§ **Problem requirements**: From the material below, reproduce exactly the stretch of lines that begins with the line holding "Materiais de borracha" and ends with the line holding "Základ úlu tvoří", skipping the pictures.

§ **Dataset extract**:
BEGIN
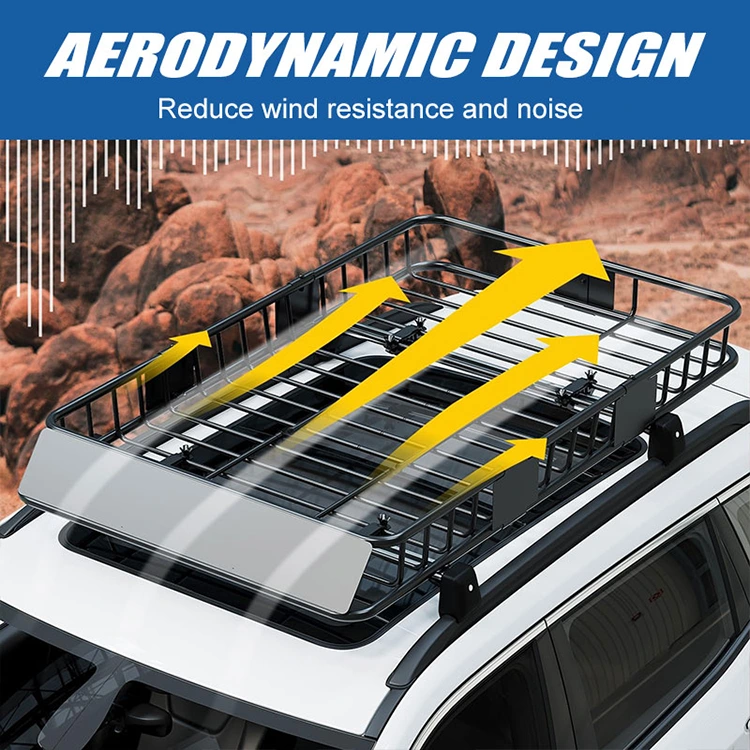 Das aerodynamische Design des Fancy Roof Rack Carrier Basket reduziert den Windwiderstand und Geräusche während der Fahrt. Das Design ermöglicht eine ungehinderte Luftströmung über das Rack und reduziert so den Luftwiderstand und den Kraftstoffverbrauch. Es ist für das Fahren auf der Autobahn geeignet; Es bietet eine ruhigere und sanftere Fahrt, selbst bei hohen Geschwindigkeiten.
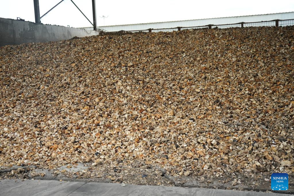 Materiais de borracha pré-processados são transportados por elevador de baldes para a etapa de crepagem e desidratação em uma fábrica de processamento de borracha do Grupo Mainland da China em San Pedro, Costa do Marfim, em 9 de abril de 2026. (Xinhua/Zhang Jian)
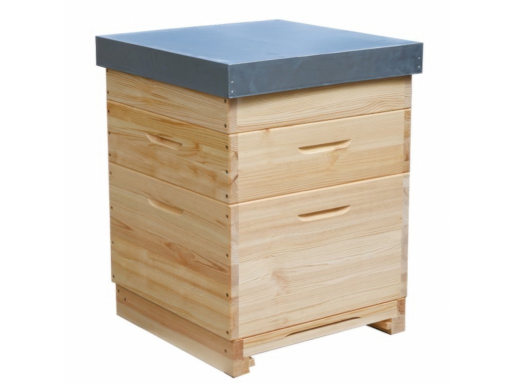 Základ úlu tvoří hluboký plodištní nástavek výšky 285 mm, ideální pro silné matky a intenzivní kladení. Dva medníky výšky 159 mm poskytují dostatek prostoru pro ukládání medu, zároveň však zůstávají lehké na manipulaci – ideální kombinace pro výkonné a přehledné včelaření.
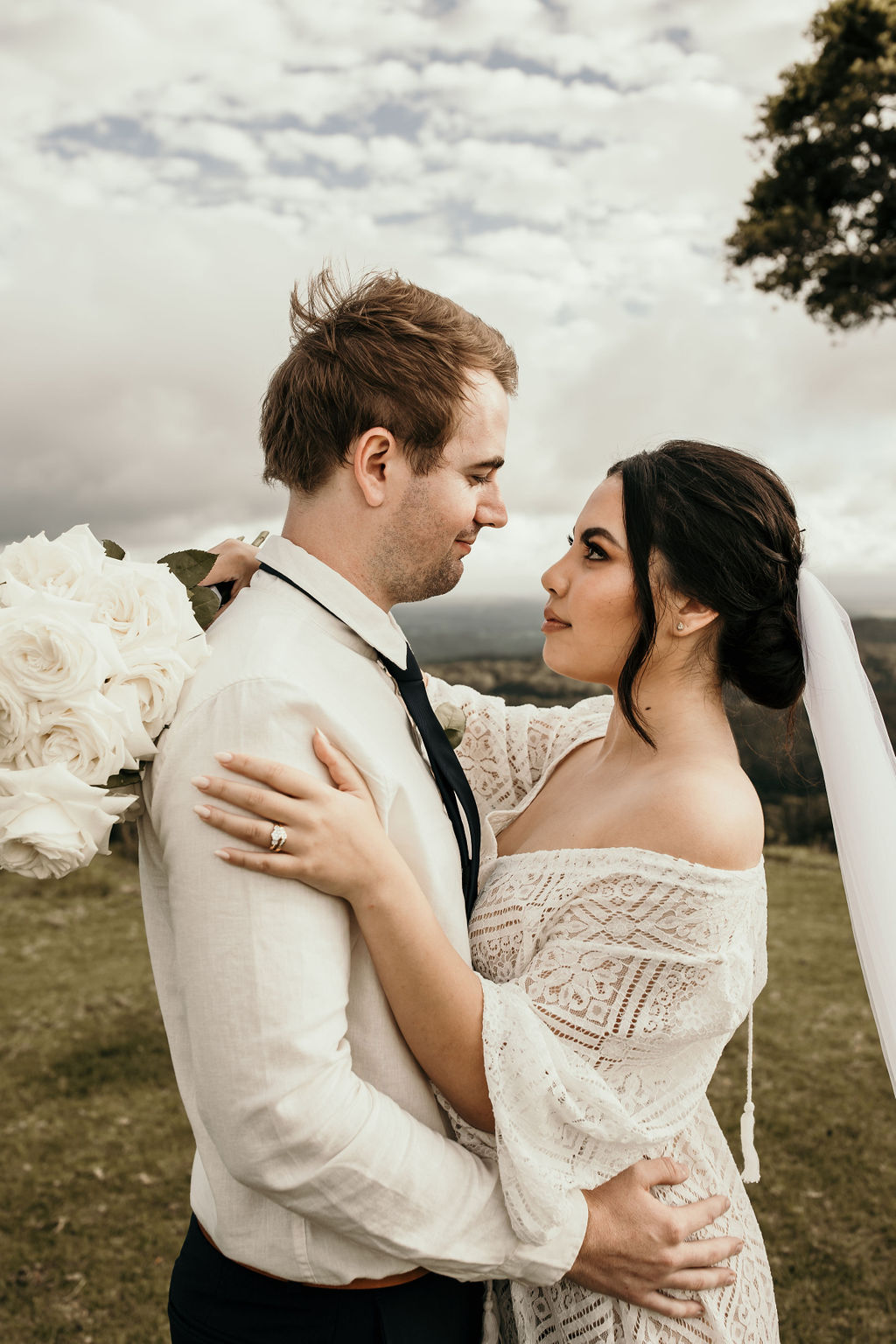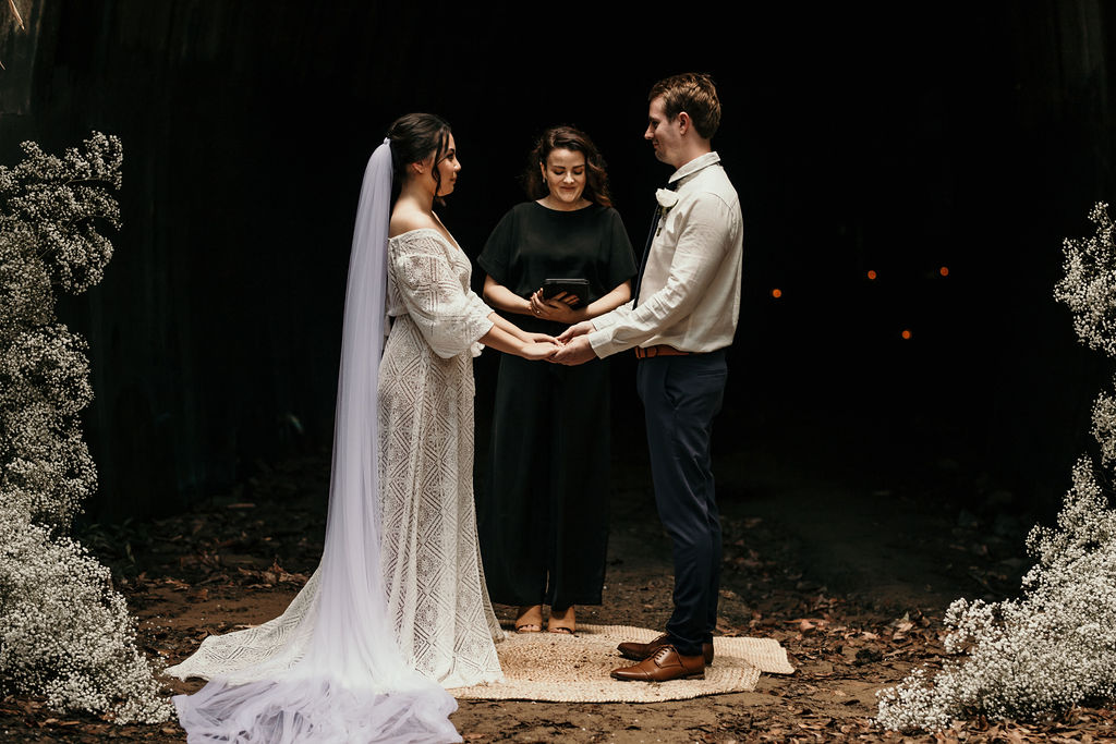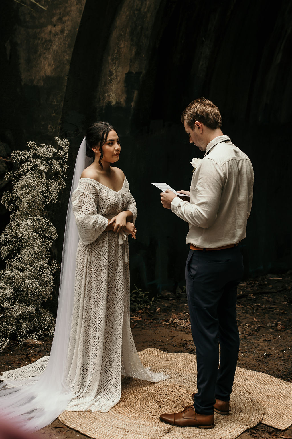 The crew trekked to the Dularha Old Railway Tunnel entrance to hold their ceremony with the magical light of beaming through as their backdrop. After vows were exchanged, the couple and their photographer, Naturally Jek Photography, headed to the iconic One Tree Hill for an epically beautiful photoshoot.
END
§ **Solution to this exercise**:
 Materiais de borracha pré-processados são transportados por elevador de baldes para a etapa de crepagem e desidratação em uma fábrica de processamento de borracha do Grupo Mainland da China em San Pedro, Costa do Marfim, em 9 de abril de 2026. (Xinhua/Zhang Jian)
 Základ úlu tvoří hluboký plodištní nástavek výšky 285 mm, ideální pro silné matky a intenzivní kladení. Dva medníky výšky 159 mm poskytují dostatek prostoru pro ukládání medu, zároveň však zůstávají lehké na manipulaci – ideální kombinace pro výkonné a přehledné včelaření.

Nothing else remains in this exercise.